Neuroblastoma tends to behave quite differently in infants as compared to children over 12 – 18 months. Infants usually develop a form of neuroblastoma that is less aggressive and can mature into a benign tumor. Children over 12 – 18 months usually develop a more aggressive form of neuroblastoma that often invades vital structures and may spread throughout the body.
Neuroblastoma Diagnostic Testing and Surgery
After a careful history and physical examination, we typically obtain:
The surgeon may be able to remove the tumor immediately. However, if the tumor is invading vital structures, the surgeon will initially take only enough tissue from the tumor to make the diagnosis and test the biology of the tumor. Surgery to remove the tumor would then be delayed until chemotherapy can be given to shrink the tumor.
To manage neuroblastoma, it is important both to see the appearance under the microscope and to assess molecular features of the tumor. In addition to the histology, amplification of the MYCN gene, DNA content, chromosomal changes, and expression of certain master genes affect the behavior of the tumor and how we treat it.
There is an international staging system for neuroblastoma:
Stage 1 – A single tumor that is removed without any visible tumor remaining
Stage 2A – A single tumor that is not completely removed, but has not spread to lymph nodes
Stage 2B – A single tumor that has spread to regional lymph nodes on the same side of the body
Stage 3 – An unresectable tumor that crosses the midline of the body or involving lymph nodes on the other side of the body
Stage 4 – A tumor with distant spread
Stage 4S – A special category for infants under 1 year old with primary tumors that do not cross the midline, with spread limited to skin, liver, and limited marrow involvement
Neuroblastoma Therapy and Prognosis
Neuroblastoma is classified as low, intermediate, or high risk on the basis of age, stage, and tumor biologic features.
For low-risk neuroblastoma, resection alone may be the only treatment needed. For intermediate-risk neuroblastoma, a moderate course of chemotherapy would be given in addition to surgery. For high-risk neuroblastoma, the treatment includes aggressive chemotherapy, resection, high-dose chemotherapy with stem cell rescue (autologous bone marrow transplantation), treatment with cis-retinoic acid (Accutane) to cause maturation of the tumor, and immunotherapy. Radiation therapy is often helpful in addition to chemotherapy and surgery.

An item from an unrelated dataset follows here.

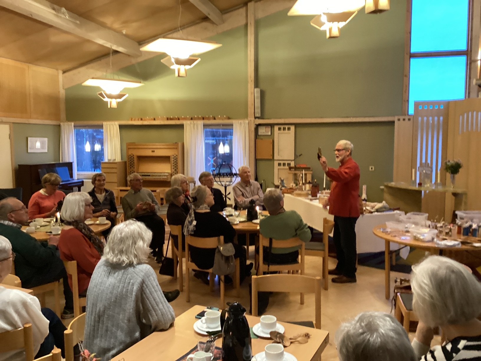 Film från SPF spelas under fikat och vi informerar om appen SPF Seniorerna.
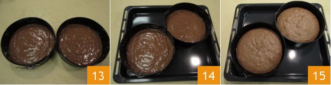 Grease 2 molds with a diameter of 9 inches, then pour the batter inside and level the surface with a spatula 13. Bake both cakes 14 on the center rack in a preheated static oven at 350°F for about 30 minutes; to check the doneness, you can do the toothpick test: if it comes out moist, the cake will need a few more minutes of baking, otherwise, it will be ready. Remove the two sponge cakes from the oven and let them cool completely 15.

Treatment of neuroblastoma is an area of very active clinical research. Goals include reducing side effects of treatment of intermediate-risk disease and increasing the cure rate of high-risk disease.
Therapy for Relapse
If neuroblastoma recurs after resection only, or after modest initial therapy, treatment may again involve surgery, radiation therapy, and chemotherapy, perhaps including autologous stem cell rescue.
Treatment of recurrent neuroblastoma is an important area of investigation. New chemotherapy agents, molecules that deliver radiation to the tumor, and immune therapies are being considered.
After treatment is complete, patients are followed for signs or symptoms of recurrent neuroblastoma and for late effects of their particular treatment. The aggressive treatment for high-risk disease can affect growth, hearing, heart and kidney function, and fertility. Patients are also at risk to develop other forms of cancer later. Detecting and treating potential problems early is important to maximize health and the quality of survivorship.